> [DIRECTIONS FOR THIS TASK]
Once the pictures are removed, output the remaining entries exactly as given.

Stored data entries
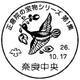 | 【東京中央郵便局名によるもの】 〒100-8994 東京都千代田区丸の内2-7-2 東京中央郵便局 「正倉院1集・押印機(東京中央局)」郵頼担当係 |
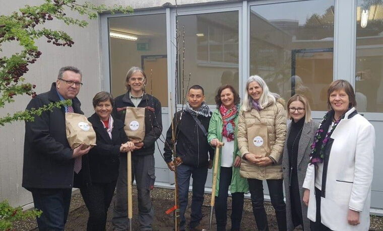 Partnerinnen und Partner pflanzten den Baum im Schulgarten ein
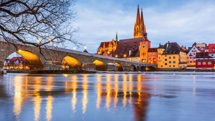 Im Herzen Bayerns wartet Regensburg als UNESCO-Welterbe-Stadt auf Sie. Die Stadt blickt auf eine mehr als 2.000-jährige Geschichte zurück, die nicht nur so schon beeindruckt, sondern auch zahlreiche Sehenswürdigkeiten und echte Schätze hinterlassen hat. Allein die Altstadt von Regensburg im Zentrum spricht Bände: Sie ist insbesondere vor den Weltkriegsbomben verschont geblieben, daher erstaunlich gut erhalten und besticht mit Highlights wie der einzigartigen Architektur oder dem Dom St. Peter, der sich durch diverse bauliche Alleinstellungsmerkmale wie die mittelalterlichen Glasfenster hervorhebt. Doch auch eine große Zahl an traditionellen Restaurants, Cafés, Kunstgalerien und Antiquitätenhändlern zeichnen das Bild der Altstadt. Viele weitere Höhepunkte, wie die über 300 Meter lange Steinerne Brücke mit ihren 16 Segmentbögen, das Alte Rathaus aus dem 13. Jahrhundert oder die Porta Praetoria, sorgen für eine einmalige architektonische Vielfalt in Regensburg – ebenso wie für besondere Fotomotive. Das Beste: Die Regensburger Anlegestelle für Kreuzfahrtschiffe ist nur einen Katzensprung vom Stadt..zentrum entfernt.
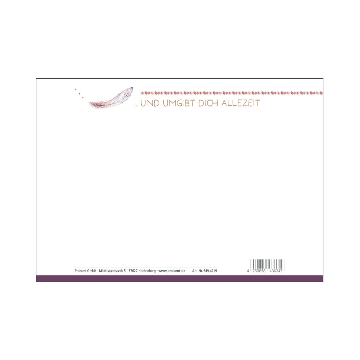 Für kleine Grüße oder als Mini-Poster: Postkarte im schönen Design Kranz mit Feder "Gott hält Dich in seiner Hand" auf stabilem Postkartenkarton mit edler partieller Lackierung.
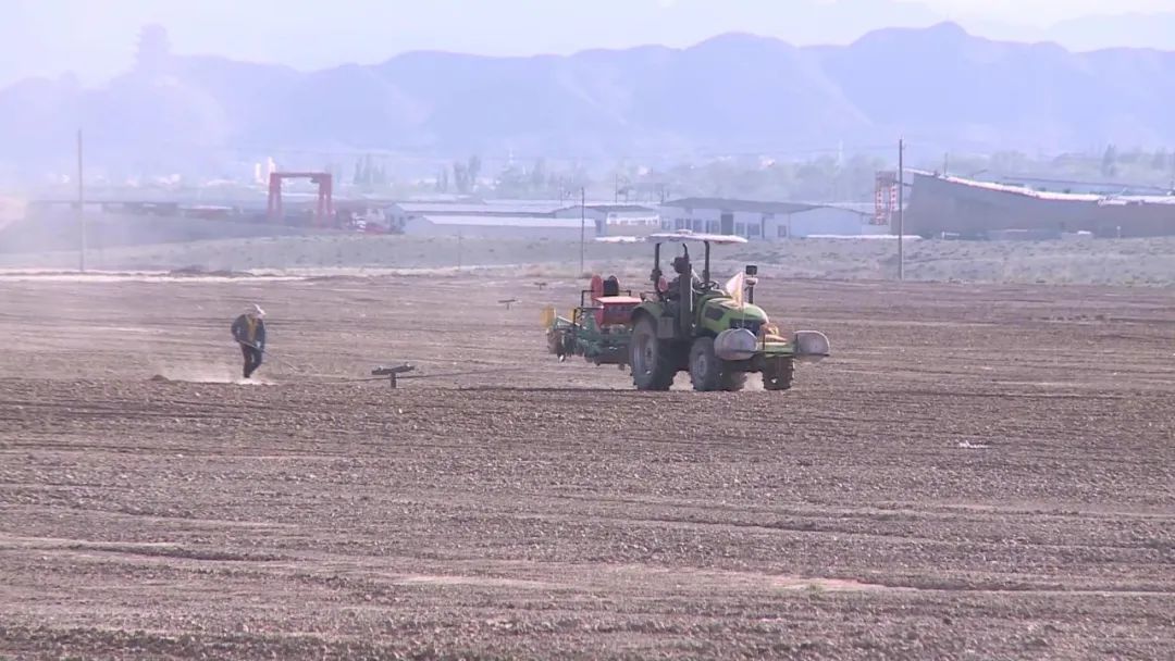 “我现在所在的位置是平川区西格拉滩万亩食葵种植基地。随着春耕接近尾声,现场几十辆精量播种机正在为春耕做最后的冲刺。大家可以看到铺设滴灌带、播种、施肥等作业都是一气呵成,新的希望正在这片黄土地上冉冉升起。”

> [ANSWER SPACE]
 | 【東京中央郵便局名によるもの】 〒100-8994 東京都千代田区丸の内2-7-2 東京中央郵便局 「正倉院1集・押印機(東京中央局)」郵頼担当係 |
 Partnerinnen und Partner pflanzten den Baum im Schulgarten ein
 Im Herzen Bayerns wartet Regensburg als UNESCO-Welterbe-Stadt auf Sie. Die Stadt blickt auf eine mehr als 2.000-jährige Geschichte zurück, die nicht nur so schon beeindruckt, sondern auch zahlreiche Sehenswürdigkeiten und echte Schätze hinterlassen hat. Allein die Altstadt von Regensburg im Zentrum spricht Bände: Sie ist insbesondere vor den Weltkriegsbomben verschont geblieben, daher erstaunlich gut erhalten und besticht mit Highlights wie der einzigartigen Architektur oder dem Dom St. Peter, der sich durch diverse bauliche Alleinstellungsmerkmale wie die mittelalterlichen Glasfenster hervorhebt. Doch auch eine große Zahl an traditionellen Restaurants, Cafés, Kunstgalerien und Antiquitätenhändlern zeichnen das Bild der Altstadt. Viele weitere Höhepunkte, wie die über 300 Meter lange Steinerne Brücke mit ihren 16 Segmentbögen, das Alte Rathaus aus dem 13. Jahrhundert oder die Porta Praetoria, sorgen für eine einmalige architektonische Vielfalt in Regensburg – ebenso wie für besondere Fotomotive. Das Beste: Die Regensburger Anlegestelle für Kreuzfahrtschiffe ist nur einen Katzensprung vom Stadt..zentrum entfernt.
 Für kleine Grüße oder als Mini-Poster: Postkarte im schönen Design Kranz mit Feder "Gott hält Dich in seiner Hand" auf stabilem Postkartenkarton mit edler partieller Lackierung.
 “我现在所在的位置是平川区西格拉滩万亩食葵种植基地。随着春耕接近尾声,现场几十辆精量播种机正在为春耕做最后的冲刺。大家可以看到铺设滴灌带、播种、施肥等作业都是一气呵成,新的希望正在这片黄土地上冉冉升起。”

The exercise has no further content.